**** Exercise data ****

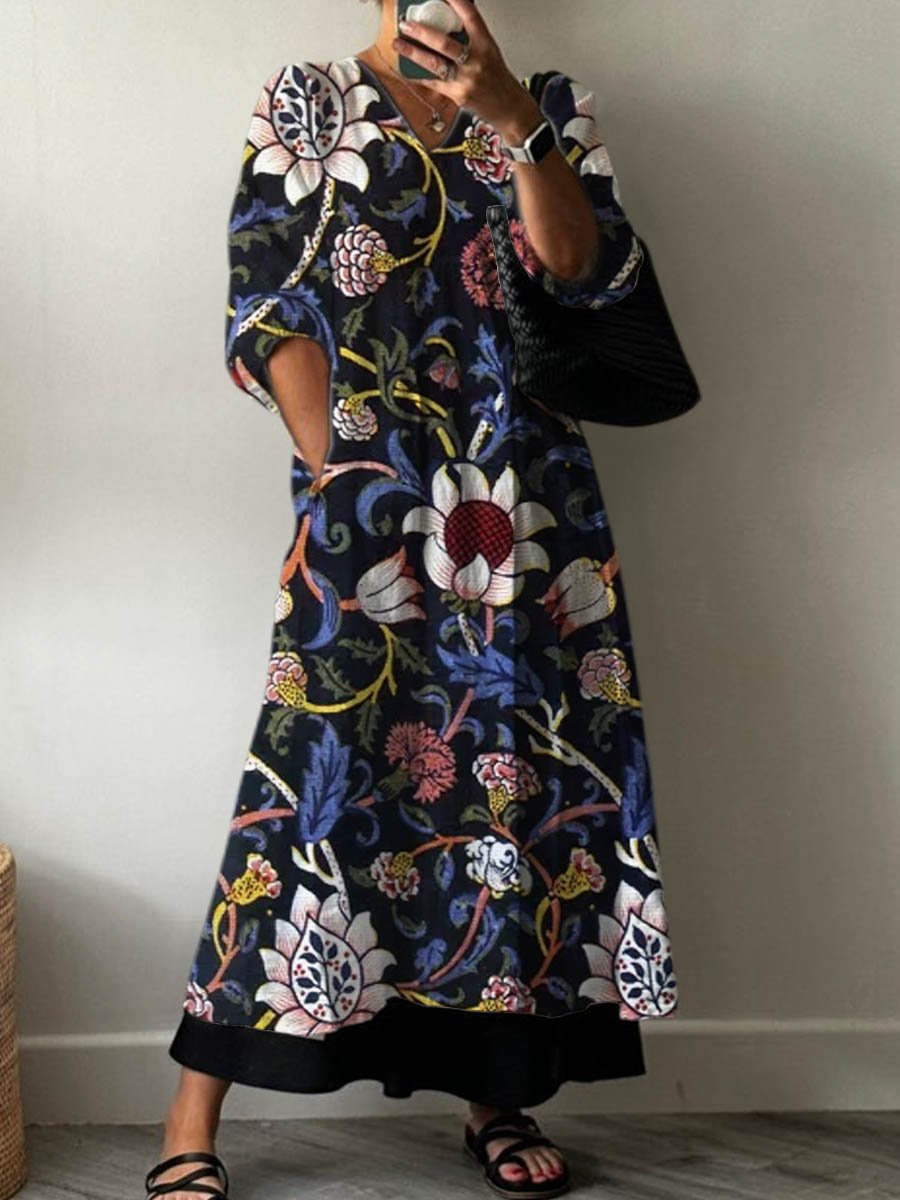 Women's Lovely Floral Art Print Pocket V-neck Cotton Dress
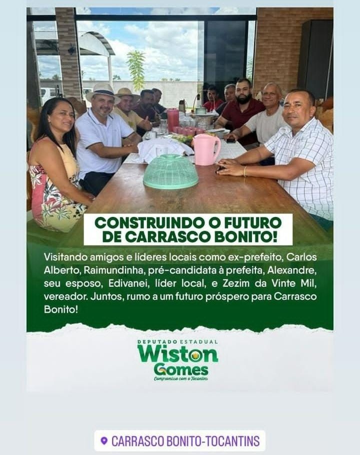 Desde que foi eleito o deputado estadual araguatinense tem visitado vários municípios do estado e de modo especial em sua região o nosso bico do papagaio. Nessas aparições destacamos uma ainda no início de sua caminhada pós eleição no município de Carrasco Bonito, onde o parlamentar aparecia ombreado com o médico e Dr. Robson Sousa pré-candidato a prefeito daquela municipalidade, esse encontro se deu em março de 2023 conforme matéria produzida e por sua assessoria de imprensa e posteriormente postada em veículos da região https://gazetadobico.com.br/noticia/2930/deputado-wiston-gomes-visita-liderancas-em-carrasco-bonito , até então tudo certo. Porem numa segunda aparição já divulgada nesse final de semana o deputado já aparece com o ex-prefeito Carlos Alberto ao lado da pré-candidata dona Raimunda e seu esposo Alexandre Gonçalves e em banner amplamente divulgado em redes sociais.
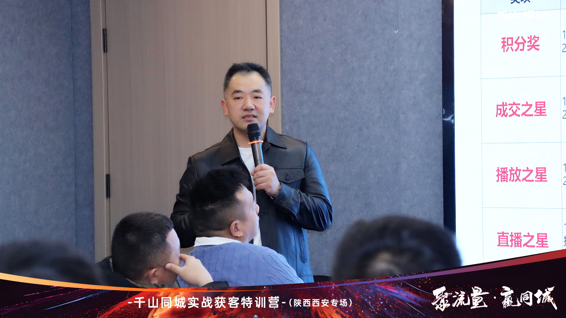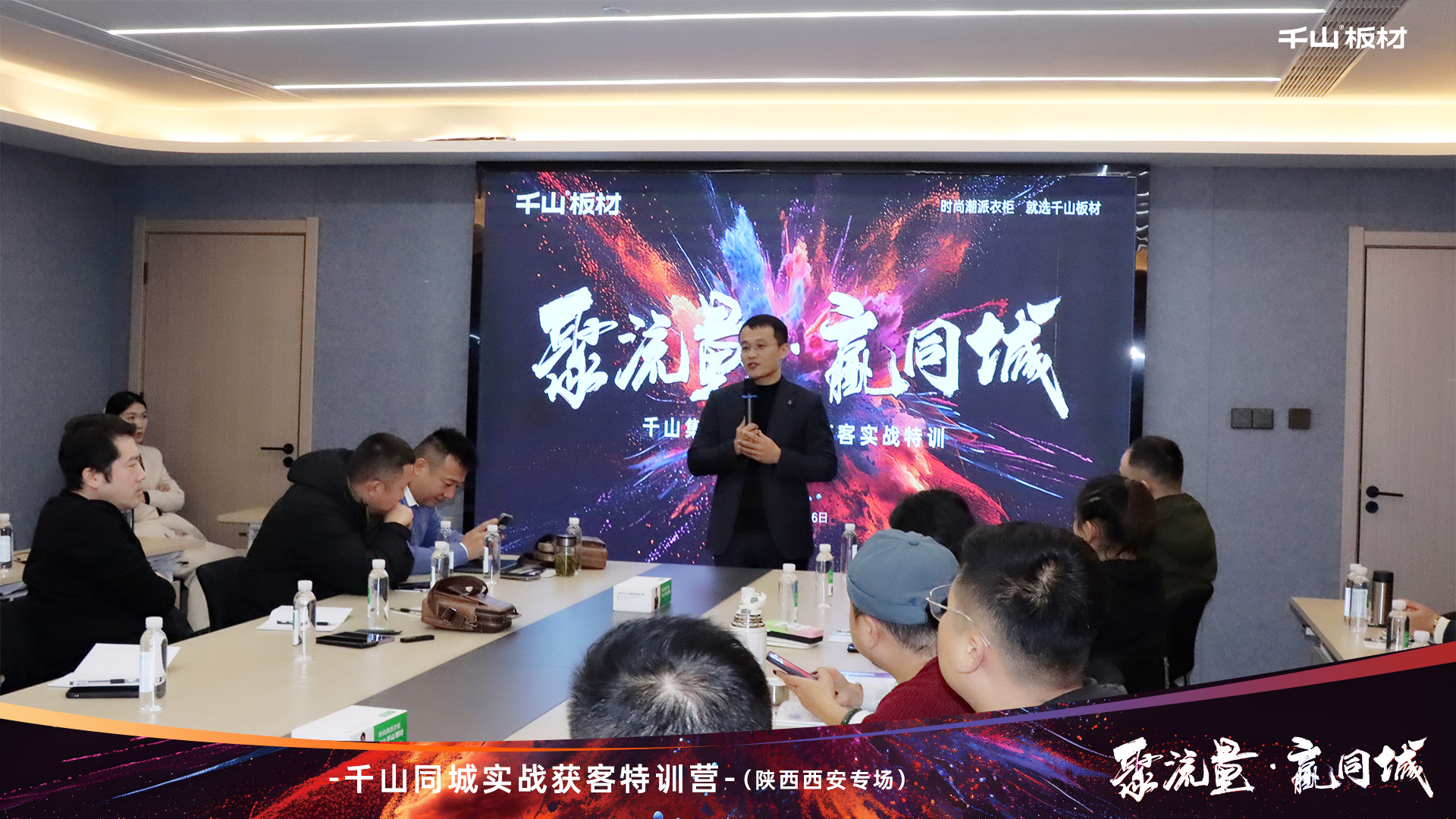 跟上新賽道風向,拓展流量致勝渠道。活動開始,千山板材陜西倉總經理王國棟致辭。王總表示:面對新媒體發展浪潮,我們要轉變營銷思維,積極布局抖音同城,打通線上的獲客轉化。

****

__Exercise prompt__
All of the material above should be reproduced exactly, except the pictures.

__Written solution__
 Women's Lovely Floral Art Print Pocket V-neck Cotton Dress
 Desde que foi eleito o deputado estadual araguatinense tem visitado vários municípios do estado e de modo especial em sua região o nosso bico do papagaio. Nessas aparições destacamos uma ainda no início de sua caminhada pós eleição no município de Carrasco Bonito, onde o parlamentar aparecia ombreado com o médico e Dr. Robson Sousa pré-candidato a prefeito daquela municipalidade, esse encontro se deu em março de 2023 conforme matéria produzida e por sua assessoria de imprensa e posteriormente postada em veículos da região https://gazetadobico.com.br/noticia/2930/deputado-wiston-gomes-visita-liderancas-em-carrasco-bonito , até então tudo certo. Porem numa segunda aparição já divulgada nesse final de semana o deputado já aparece com o ex-prefeito Carlos Alberto ao lado da pré-candidata dona Raimunda e seu esposo Alexandre Gonçalves e em banner amplamente divulgado em redes sociais.
 跟上新賽道風向,拓展流量致勝渠道。活動開始,千山板材陜西倉總經理王國棟致辭。王總表示:面對新媒體發展浪潮,我們要轉變營銷思維,積極布局抖音同城,打通線上的獲客轉化。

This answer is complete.